[Extracted data entries]
··········

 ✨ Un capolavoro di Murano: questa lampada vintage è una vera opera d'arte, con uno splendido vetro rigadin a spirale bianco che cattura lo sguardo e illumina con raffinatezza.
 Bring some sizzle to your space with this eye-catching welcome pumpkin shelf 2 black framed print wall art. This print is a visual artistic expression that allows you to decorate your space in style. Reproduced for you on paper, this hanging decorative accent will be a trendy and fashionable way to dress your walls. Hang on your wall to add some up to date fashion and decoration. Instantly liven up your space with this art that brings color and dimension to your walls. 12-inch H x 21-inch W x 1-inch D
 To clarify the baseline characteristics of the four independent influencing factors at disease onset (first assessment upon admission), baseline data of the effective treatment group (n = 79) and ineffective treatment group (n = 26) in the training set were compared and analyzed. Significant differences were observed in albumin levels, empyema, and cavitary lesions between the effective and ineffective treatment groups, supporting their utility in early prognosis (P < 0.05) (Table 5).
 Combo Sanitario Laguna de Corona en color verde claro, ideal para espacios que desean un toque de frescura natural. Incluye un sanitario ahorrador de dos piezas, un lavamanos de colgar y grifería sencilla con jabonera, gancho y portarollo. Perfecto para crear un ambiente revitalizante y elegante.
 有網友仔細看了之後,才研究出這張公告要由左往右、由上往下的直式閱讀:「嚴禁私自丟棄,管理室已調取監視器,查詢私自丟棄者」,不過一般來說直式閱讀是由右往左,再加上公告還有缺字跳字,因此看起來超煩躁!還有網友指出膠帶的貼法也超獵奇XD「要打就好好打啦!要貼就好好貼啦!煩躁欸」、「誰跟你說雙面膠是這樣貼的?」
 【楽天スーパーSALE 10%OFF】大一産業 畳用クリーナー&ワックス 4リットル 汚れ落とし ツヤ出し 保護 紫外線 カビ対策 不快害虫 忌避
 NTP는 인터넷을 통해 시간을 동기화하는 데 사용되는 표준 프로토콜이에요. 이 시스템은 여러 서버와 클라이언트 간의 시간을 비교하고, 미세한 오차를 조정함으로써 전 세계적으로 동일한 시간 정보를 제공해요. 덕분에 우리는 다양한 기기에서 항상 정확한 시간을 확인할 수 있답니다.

··········

Exercise requirements » The answer is each line from the entries above in which the word "color" occurs.

Final answer »
 Bring some sizzle to your space with this eye-catching welcome pumpkin shelf 2 black framed print wall art. This print is a visual artistic expression that allows you to decorate your space in style. Reproduced for you on paper, this hanging decorative accent will be a trendy and fashionable way to dress your walls. Hang on your wall to add some up to date fashion and decoration. Instantly liven up your space with this art that brings color and dimension to your walls. 12-inch H x 21-inch W x 1-inch D
 Combo Sanitario Laguna de Corona en color verde claro, ideal para espacios que desean un toque de frescura natural. Incluye un sanitario ahorrador de dos piezas, un lavamanos de colgar y grifería sencilla con jabonera, gancho y portarollo. Perfecto para crear un ambiente revitalizante y elegante.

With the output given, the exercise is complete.